Dongfei Zhang abcd, Kai Zhang bc, Songfeng E cd, Dapeng Liu cd, Chaowei Li ce and Yagang Yao *bcd
aNano Science and Technology Institute, University of Science and Technology of China, Suzhou 215123, China
bNational Laboratory of Solid State Microstructures, College of Engineering and Applied Sciences, Jiangsu Key Laboratory of Artificial Functional Materials, Collaborative Innovation Center of Advanced Microstructures, Nanjing University, Nanjing 210093, China. E-mail: ygyao2018@nju.edu.cn
cDivision of Advanced Nanomaterials, Key Laboratory of Nanodevices and Applications, Joint Key Laboratory of Functional Nanomaterials and Devices, CAS Center for Excellence in Nanoscience, Suzhou Institute of Nano-Tech and Nano-Bionics, Chinese Academy of Sciences, Suzhou 215123, China
dDivision of Nanomaterials and Jiangxi Key Lab of Carbonene Materials, Suzhou Institute of Nano-Tech and Nano-Bionics, Nanchang, Chinese Academy of Sciences, Nanchang 330200, China
eCollege of Chemistry and Chemical Engineering, Anyang Normal University, Anyang 455002, China

Received 28th May 2020 , Accepted 29th May 2020

First published on 1st June 2020


Abstract

With the development of preparation technology, obtaining boron nitride nanotubes (BNNTs) is no longer difficult, but it is still not easy to balance the quality and purity of the obtained products using existing methods.
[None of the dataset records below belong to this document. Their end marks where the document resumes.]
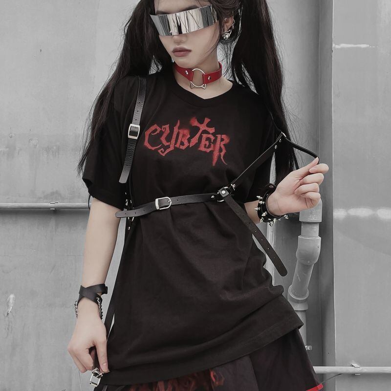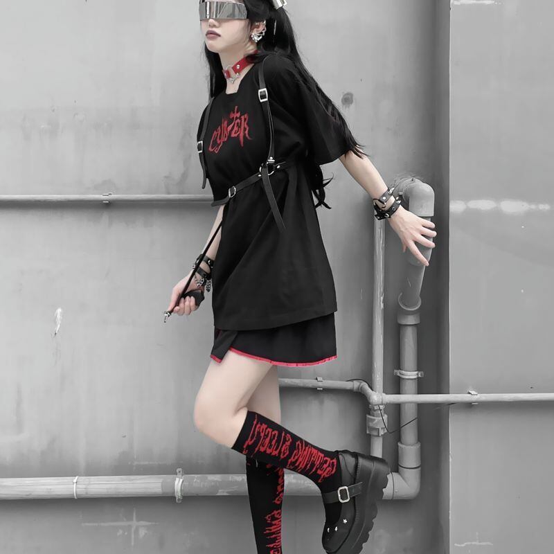サブカル 服 地雷系 通販 Miub オリジナル ロングTシャツ 半袖 ロゴ プリント ロック パンク自発 ヤンデレ
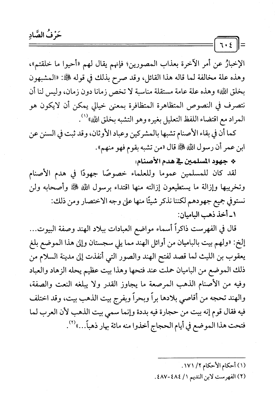 كما أن في بقاء الأصنام تشبها بالمشركين وعباد الأوثان، وقد ثبت في السنن عن ابن عمر أن رسول الله - صلى الله عليه وسلم - قال "من تشبه بقوم فهو منهم".
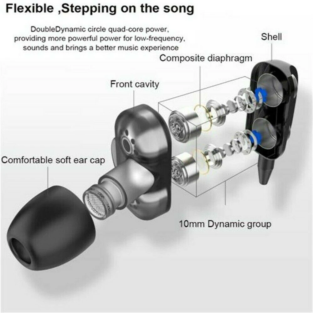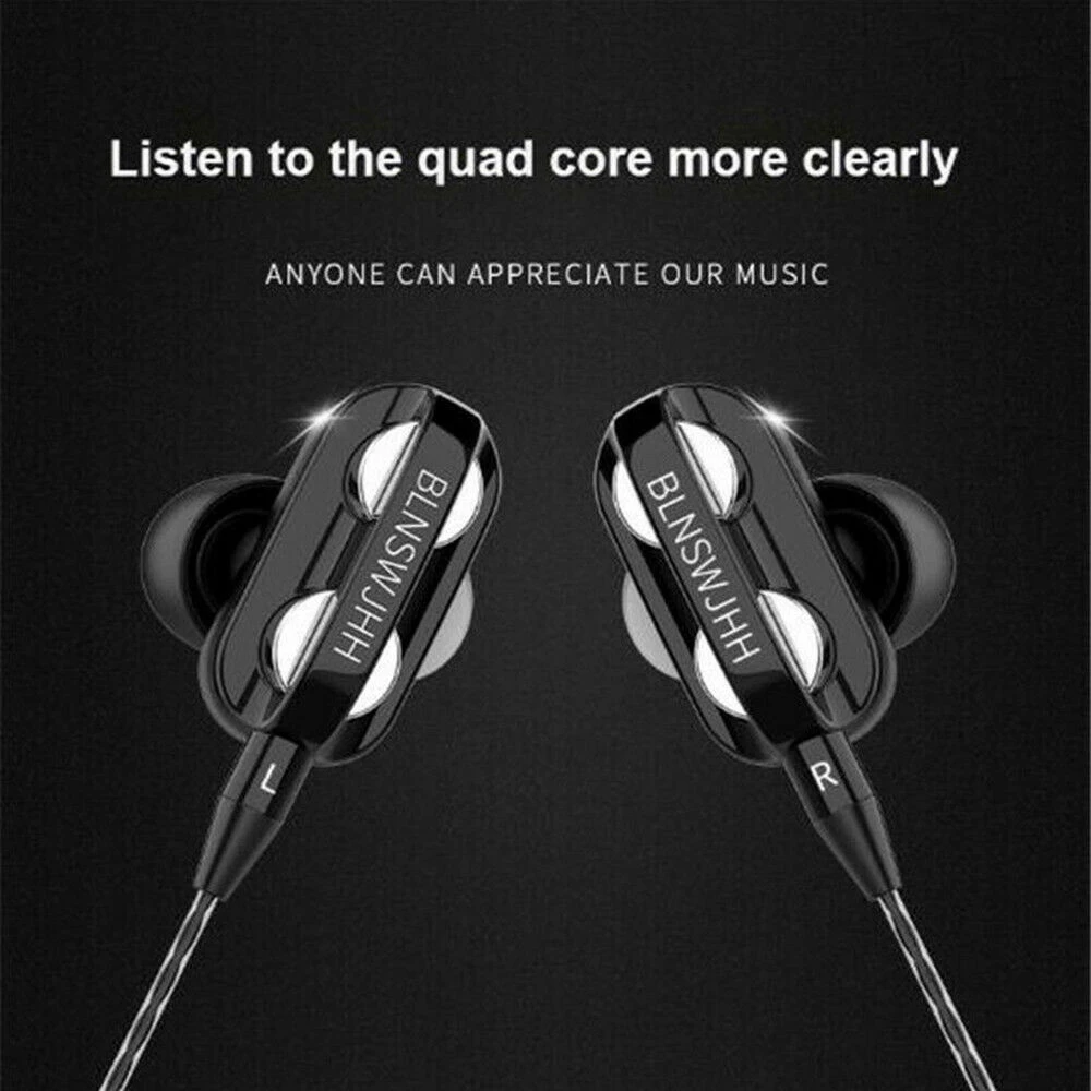 Беспроводные наушники 3,5 мм с тяжелыми басами, Hi-Fi стерео наушники-вкладыши, гарнитура с микрофоном, микрофоном, 4 динамика, аксессуары для телефона
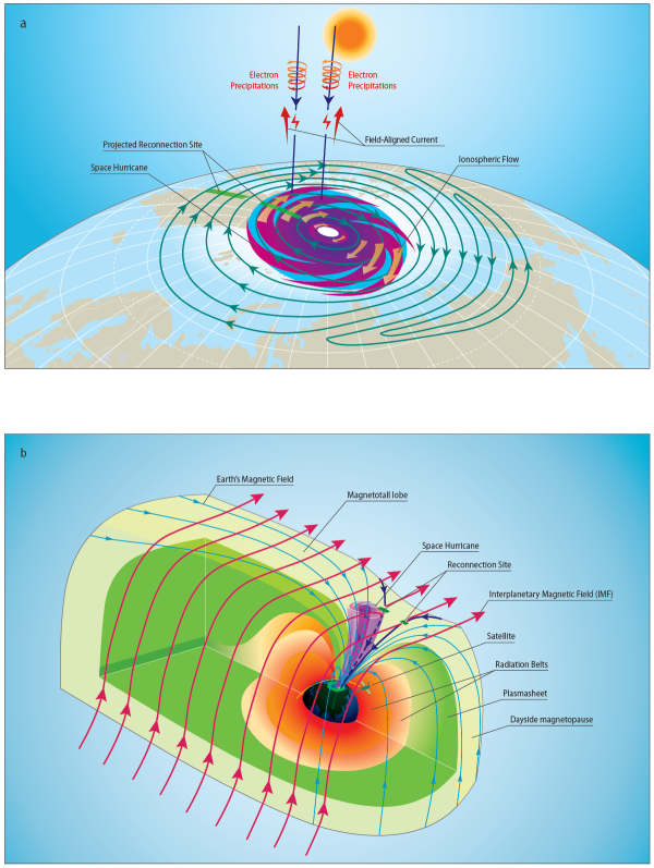 科研人员发现 “太空台风”源于太阳风-磁层耦合作用。在长时间极端地磁平静和行星际磁场北向,在地球磁层的高纬尾瓣处持续发生的尾瓣磁重联过程,促使在北极磁极点上方的磁层与电离层之间形成一个巨大的顺时针旋转的漏斗形磁螺旋结构。该结构形成了太阳风带电粒子直接进入地球中高层大气、地球带电粒子逃逸至磁层的通道,极大提升了太阳风-磁层能量的耦合效率。这说明即使在极端平静地磁条件下,极区仍可能存在堪比超级磁暴活动时的局地剧烈地磁扰动和能量注入现象,更新了人们对太阳风-磁层-电离层耦合过程的认识。
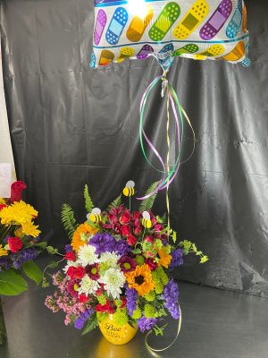 Flowers looked nice and the patient seemed to like them. Not sure what happened on the right side, looked like some were missing and not matching the fullness of the colorful left side. But was cheerful anyway
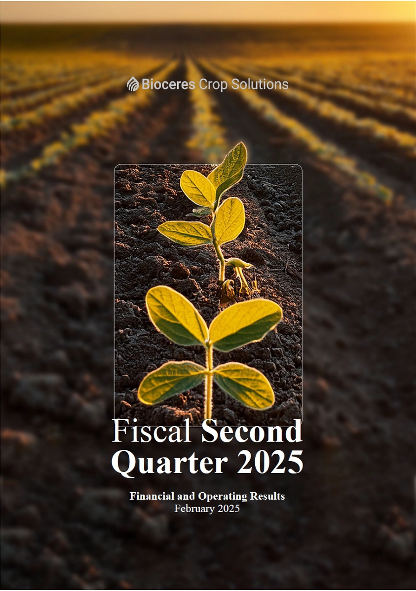 ROSARIO, Argentina – February 11, 2025 – Bioceres Crop Solutions Corp. (Bioceres) (NASDAQ: BIOX), a leader in the development and commercialization of productivity solutions designed to regenerate agricultural ecosystems while making crops more resilient to climate change, announced financial results for the fiscal second quarter ended December 31, 2024. Financial results are expressed in U.S. dollars and are presented in accordance with International Financial Reporting Standards. All comparisons in this announcement are year-over-year (YoY), unless otherwise noted.
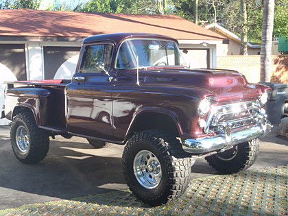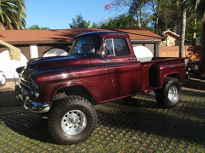 Here at ClassicTrucks.net, we pretty much like all the old trucks. We tend to favor the 2wd street machines, but we appreciate the high riders just as much. We came across this 1957 Chevy that was transferred to a Blazer Chassis. New paint was shot and 37″ X-Terrain tires on 17″ Weld Racing Rims added. Under the hood a 350 engine and turbo 400 trans turn those monster shoes. New upholstery and new glass round out the major additions to this 4×4.
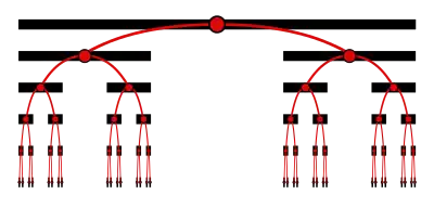 In arithmetical terms, the Cantor set consists of all real numbers of the unit interval that do not require the digit 1 in order to be expressed as a ternary (base 3) fraction. As the above diagram illustrates, each point in the Cantor set is uniquely located by a path through an infinitely deep binary tree, where the path turns left or right at each level according to which side of a deleted segment the point lies on. Representing each left turn with 0 and each right turn with 2 yields the ternary fraction for a point.
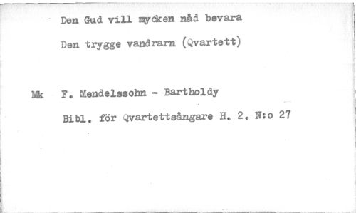 //// Den Gud vill mydken nåd bevara //// Den trygge vandrarn (Qvartett) //// 1& F. Mendelssohn - Bartholdy //// Bibi. för Qvartettsångare H. 2. N:o 27 ////
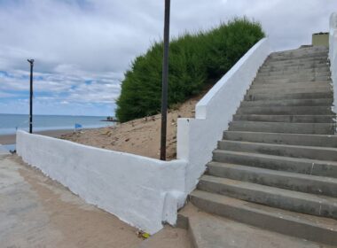 La Subsecretaría de Obras Públicas avanza la puesta en valor de las bajadas en la localidad de Las Grutas, donde los agentes intervinieron en la Primera y Segunda Bajada, además de que se encuentra en ejecución la escalera en la bajada de “Los Pescadores”, que fue afectada por mareas extraordinarias.
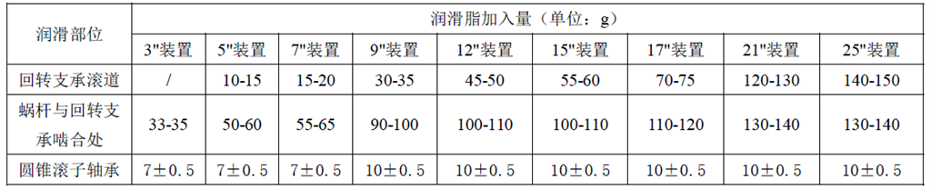 減速機有(yǒu)三(sān)處(chù)需(xū)要(yào)加以潤滑,分別為回轉支承滾道、蝸杆與回轉支承齧合處和圓錐滾子軸承。回轉支承滾道和圓錐滾子軸承出廠前已經加注潤滑脂,蝸杆與
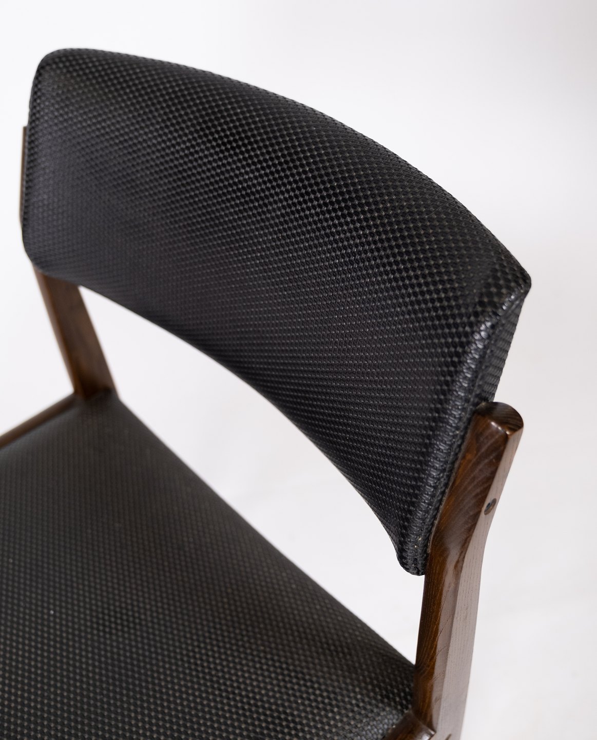 Sæt af fire Spisestuestole - Sort Betræk - Mørkt Træ - Dansk Design - 1960
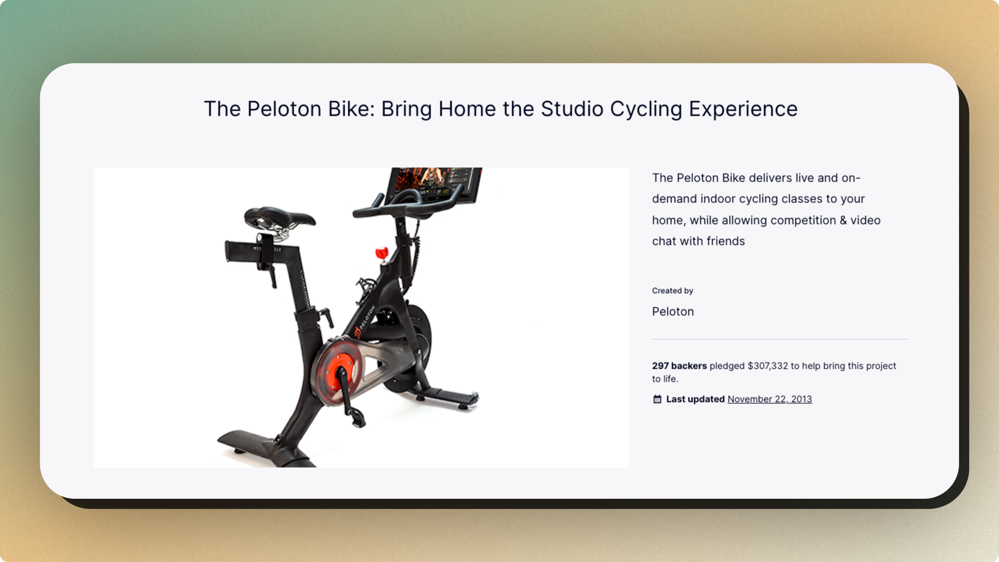 Peloton launched its Kickstarter campaign, "The Peloton Bike: Bring Home the Studio Cycling Experience" in June 2012. Their goal was to raise $250,000, but they ended up receiving $307,332 from 297 backers. With its sleek design, immersive technology, and motivating instructors, Peloton's bike became a status symbol and a must-have item for many fitness enthusiasts. The company's subscription-based model allowed users to access a wide variety of live and on-demand classes, creating a sense of community and motivation among its users.
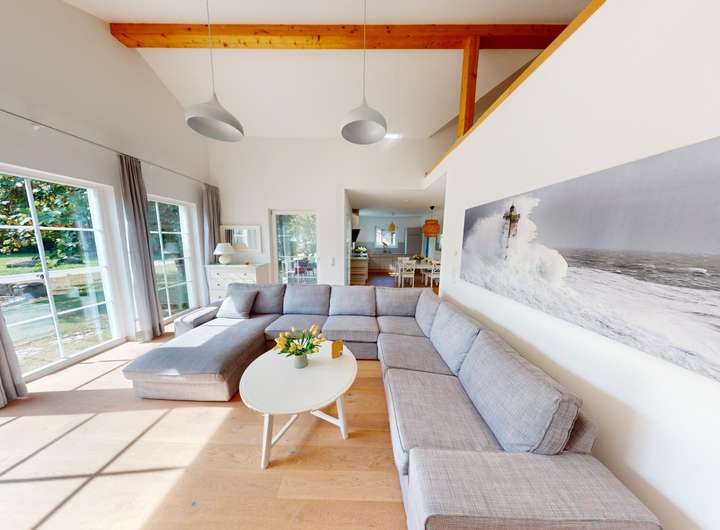 Das Ferienhaus wurde im skandinavirschen Baustil erbaut und ist von innen ebenso komfortabel wie unverwechselbar.
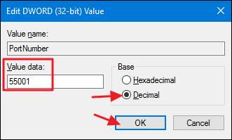 בחלון המאפיינים, בחר באפשרות "עשרוני" ואז הקלד את מספר היציאה שבו ברצונך להשתמש. איזה מספר יציאה תבחר תלוי בך, אך שים לב שחלק ממספרי היציאה כבר נמצאים בשימוש. אתה יכול לבדוק את ויקיפדיה רשימת מטלות נמל נפוצות כדי לראות מספרים שאסור להשתמש בהם, אך אפליקציות רשת המותקנות במחשב שלך עשויות להשתמש ביציאות נוספות. מספרי נמל יכולים להגיע עד 65,535, ואם אתה בוחר במספרי נמל מעל 50,000 אתה צריך להיות די בטוח. לאחר שהזנת את מספר היציאה שבה ברצונך להשתמש, לחץ על "אישור".
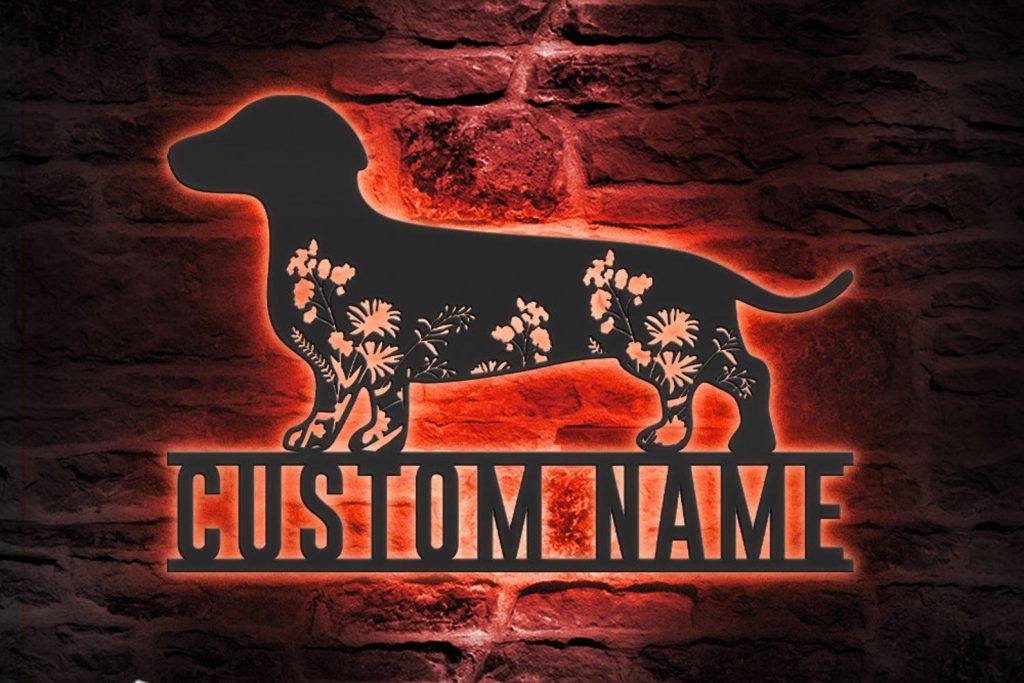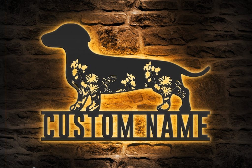 Be the first to review “Floral Dachshunds Art – Personalized Metal LED Dog Wall Sign”
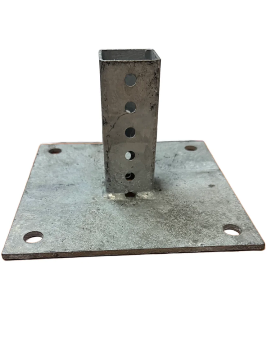 This galvanized square sign post anchor base delivers the ideal combination of strength, corrosion resistance, and easy installation, making it a go-to choice for surface-mounted sign installations. Built to last and simple to use, it helps keep your signage stable, visible, and secure in even the toughest conditions.
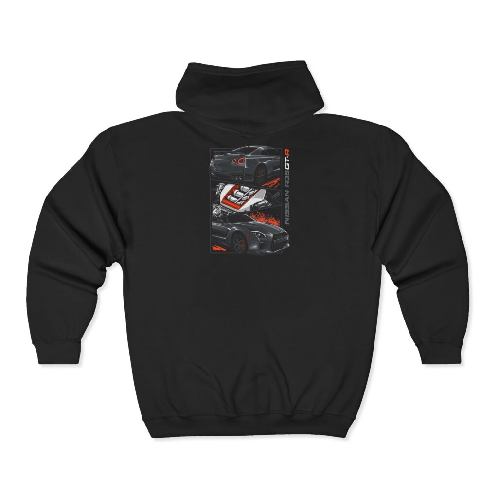 This zip-up hoodie carries the rush of late-night street runs and garage nights into something you can throw on any day. The front chest shows a compact logo while the back features layered car imagery and gritty, mechanic-style typography — it feels lived-in, like your favorite crew jacket after a season of track days. The medium-heavy cotton blend keeps the silhouette structured but warm. Pockets hold phone and keys while the adjustable hood tames wind on the way to the meet. Subtle embroidery and durable metal hardware add a tactile, automotive edge that ages well.

In this work, we investigated a previously reported MgB2 catalyst to explore the synthesis of BNNTs at a higher temperature in a conventional chemical vapor deposition (CVD) system from a classic B/MgO precursor. Various characterization methods showed the high activity of MgB2 at 1400 °C and the superiority of the as-grown BNNTs in terms of purity and quality. Further reference experiments and element characterization measurements were also performed to verify the role of MgB2 in the growth of the BNNTs, finding that B/MgO/MgB2 is a simple and efficient precursor.


1. Introduction

Boron nitride nanotubes (BNNTs) as a structural analog to carbon nanotubes (CNTs), not only share their similar high strength, stiffness,1 thermal conductivity2–4 and low density,5 but also possess some unique properties. For example, strong resistance to oxidation,6,7 excellent electrical insulation,8 superhydrophobic ability,9 catalytic properties10 and biocompatibility11 and so on. However, development of their applications is far behind other low dimensional nanomaterials such as CNTs or graphene because it is challenging to produce high quality BNNTs.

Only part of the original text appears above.